Artificial Intelligence (AI) is transforming automated systems, from voice assistants and chatbots, to self-driving cars and robots. AI systems have the capability to learn and adapt as they incorporate experiences, in order to enhance their predictive abilities. Deep Learning (DL) is a subset of Machine Learning (ML) where artificial neural networks, algorithms inspired by the human brain, learn from large amounts of data. DL has disrupted the world of ML, allowing Deep Neural Networks to achieve near or better accuracy than humans in a variety of tasks: image classification, speech/hand writing recognition or autonomous driving.

Reinforcement Learning (RL) is revolutionizing the applications of DL –from playing and beating the best human players at video games to training robots to accomplish complex, technical tasks. RL is learning what to do (mapping situations to actions) to maximize a numerical reward signal. It has successfully trained computer programs to play games (Go, StarCraft II, etc.) better than the world’s best human players. These programs find the best action to take in games with large state and action spaces, imperfect world information, and uncertainty around how short-term actions pay off in the long run. Engineers and scientists face the same types of challenges when designing real systems (e.g. controllers). Can RL also help solve complex control problems like making a robot walk or driving an autonomous car? In this talk, we aim to answer this question by explaining what RL is in the context of traditional control problems, showing how to generate simulation data, setting up and solving the RL problem, allowing a virtual robot to learn complex tasks, like walking, using Deep Reinforcement Learning.

RL works in a dynamic environment, and the goal is to find the best sequence of actions that will generate the optimal outcome: collect the most reward. The Agent is the “brain” of the robot, a piece of software that explores, interacts with and learns from the environment, which is everything that exists outside of the agent. It is where the agent sends actions, and it is what generates rewards and observations. The reward function is what you want the agent to do and how you will reward it for doing what you want, it represents the “goodness” of an agent being in a particular state and taking a particular action. Thus, the agent takes in the state observations, the inputs, and maps them to actions, the outputs. This mapping is called the Policy. Given a set of observations, the policy decides which action to take, and the learning algorithm is the optimization method used to find the optimal policy.
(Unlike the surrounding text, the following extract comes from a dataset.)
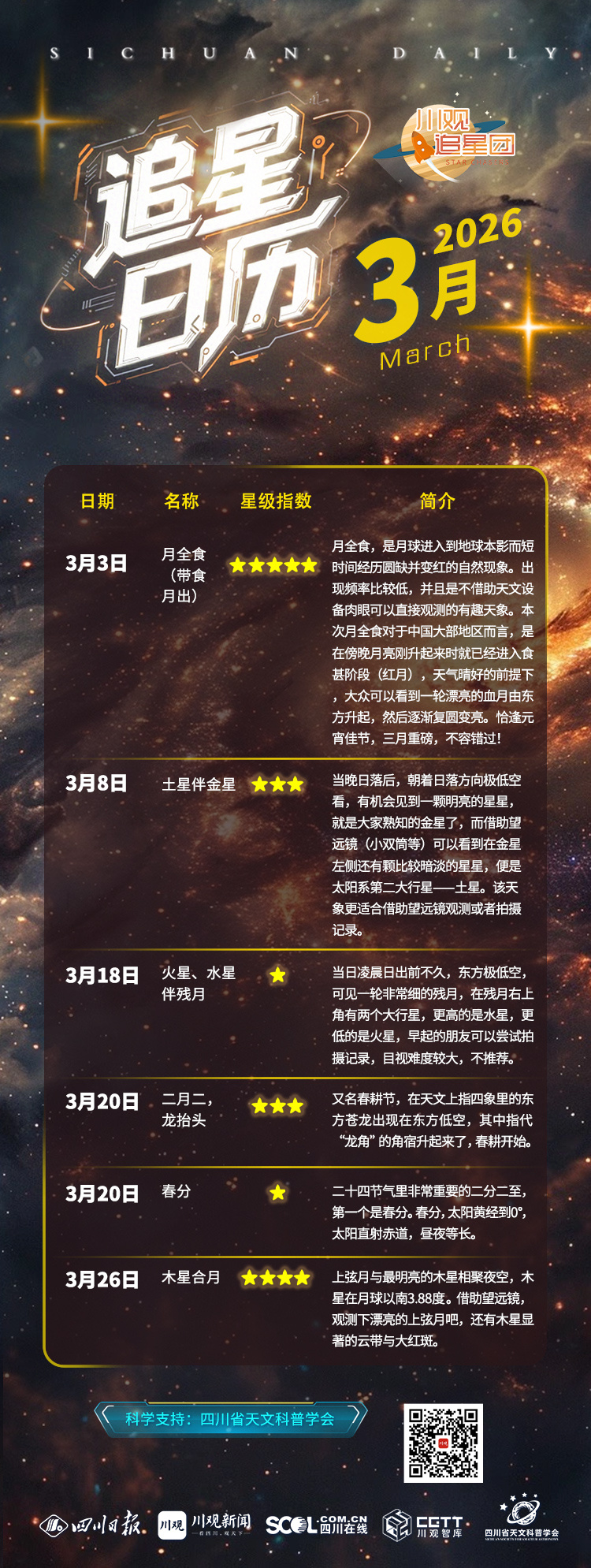 三月的夜空從不吝嗇浪漫,從元宵節(jié)月全食到行星相伴,從傳統(tǒng)星象到節(jié)氣更替,每一場天象都是宇宙寫給人間的情書。抬抬頭,即可遇見宇宙的溫柔與震撼。

In Deep Reinforcement Learning, the Policy can be a Deep Neural Network, allowing us a more complex policy that can input thousands of states at once, and still come up with meaningful action.

The talk addresses the full workflow for Deep Reinforcement Learning: choosing an adequate environment, crafting a reward function, choosing a policy function, training and deployment. Using Model-Based Design, the talk demonstrates how to build and control a virtual biped humanoid robot in Simulink and leverages Deep Reinforcement Learning in MATLAB, specifically the Deep Deterministic Policy Gradient (DDPG), to successfully train the agent. Finally, we discuss how to deploy the optimal policies to the target hardware, using C/C++ or CUDA.